* **Task description**:
Transcribe only the part of the material below that begins at the line containing "中新網(wǎng)記者 孫自法 攝" and ends at the line containing "大家好,小问来为大家解答以上问题。if you come", with both kept and images left out.

* **Raw data**:
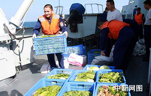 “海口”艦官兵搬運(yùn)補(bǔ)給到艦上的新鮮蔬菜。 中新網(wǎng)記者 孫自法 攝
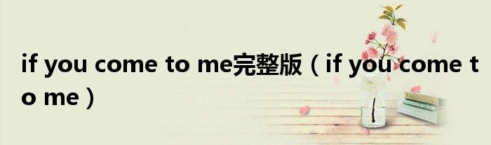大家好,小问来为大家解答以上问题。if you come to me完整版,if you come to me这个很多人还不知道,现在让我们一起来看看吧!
--
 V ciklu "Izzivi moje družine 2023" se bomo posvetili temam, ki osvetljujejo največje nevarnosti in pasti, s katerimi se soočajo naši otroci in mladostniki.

* **Problem solution**:
 “海口”艦官兵搬運(yùn)補(bǔ)給到艦上的新鮮蔬菜。 中新網(wǎng)記者 孫自法 攝
大家好,小问来为大家解答以上问题。if you come to me完整版,if you come to me这个很多人还不知道,现在让我们一起来看看吧!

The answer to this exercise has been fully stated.